I am a traversing complex XML file with millions of TU nodes and extracting strings from <seg>
elements. Whenever <seg>
element contains serialized tags, I get None
object instead of a string.
Code that returns None
:
source_segment = ET.parse(file).getroot().find('body').findall('tu')[0].findall('tuv')[0].find('seg').text
Sample content of <seg>
element that causes the issue:
<seg><bpt i="1" type="14" x="1" />Coded glass plate<ept i="1" /><ph x="4" type="33" /></seg>
Expected value of string variable source_segment
:
<bpt i="1" type="14" x="1" />Coded glass plate<ept i="1" /><ph x="4" type="33" />
I cant serialize ET.parse(file).getroot().find('body').findall('tu')[0].findall('tuv')[0].find('seg').text
cause it is a None
object.
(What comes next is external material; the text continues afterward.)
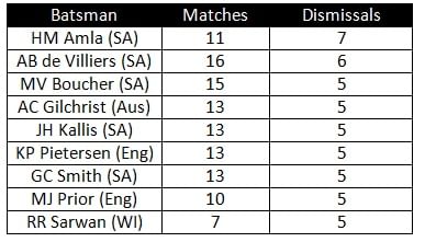 Here is the list of batsmen Sreesanth has dismissed most number of times in International cricket. Hashim Amla, who is a good player of pace, lost his wicket to Sreesanth seven times in 11 matches. It won’t be wrong if we say Sreesanth bowls extremely well against South African batsmen, as five South African batsmen are part of this list.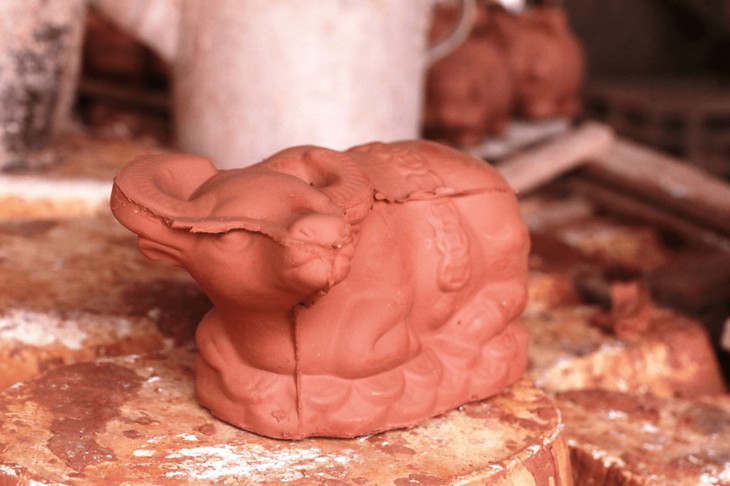 生产“金牛”的第一步是拌泥。新渊镇新福庆坊居民阮文闲从事该行30多年。今年,他家接到很多订单,生产一万多头陶瓷水牛。

If I serialize only part ET.parse(file).getroot().find('body').findall('tu')[0].findall('tuv')[0].find('seg')
, I get this:
b'<seg><bpt i="1" type="14" x="1" />Coded glass plate<ept i="1" /><ph x="4" type="33" /></seg>\n '
Sample XML content:
<?xml version="1.0" encoding="utf-8"?>
<tmx version="1.4">
<header creationtool="XXXXXXXX" creationtoolversion="100" o-tmf="XXXXXXXX" datatype="xml" segtype="sentence" adminlang="en-GB" srclang="en-GB" creationdate="XXXXXXXX" creationid="XXXXXXXX">
<prop type="x-Note:SingleString"></prop>
<prop type="x-Recognizers">RecognizeAll</prop>
<prop type="x-IncludesContextContent">True</prop>
<prop type="x-TMName">XXXXXXXX</prop>
<prop type="x-TokenizerFlags">DefaultFlags</prop>
<prop type="x-WordCountFlags">DefaultFlags</prop>
</header>
<body>
<tu creationdate="XXXXXXXX" creationid="XXXXXXXX" changedate="XXXXXXXX" changeid="XXXXXXXX" lastusagedate="XXXXXXXX" usagecount="1">
<prop type="x-LastUsedBy">XXXXXXXX</prop>
<prop type="x-Context">0, 0</prop>
<prop type="x-Origin">TM</prop>
<prop type="x-ConfirmationLevel">Translated</prop>
<prop type="x-StructureContext:MultipleString">sdl:cdata</prop>
<prop type="x-Note:SingleString">XXXXXXXX</prop>
<tuv xml:lang="en-GB">
<seg><bpt i="1" type="14" x="1" />Coded glass plate<ept i="1" /><ph x="4" type="33" /></seg>
</tuv>
<tuv xml:lang="lt-LT">
<seg><bpt i="1" type="14" x="1" />YYYYYYYYYYYYY<ept i="1" /><ph x="4" type="33" /></seg>
</tuv>
</tu>
</body>
</tmx>
How do I extract the string from <seg>
element when it contains serialized tags?
The best approach I found is to convert the parent child to a string, passing parameter 'encoding=str' to avoid step of decoding bytes-like object to string and preserve UTF-8 symbols. Then regex out the tags from the resulting string.
import re
from lxml import etree as ET
root = ET.parse('seg.xml').getroot()
seg_elem = root.find('body').findall('tu')[0].findall('tuv')[0].find('seg')
seg_string = ET.tostring(seg_elem, encoding=str)
# Regex to strip <seg> tags
seg_pattern = '(?<=<seg>).*?(?=</seg>)'
# Strip <seg> tags
final_string = re.search(seg_pattern, seg_string).group()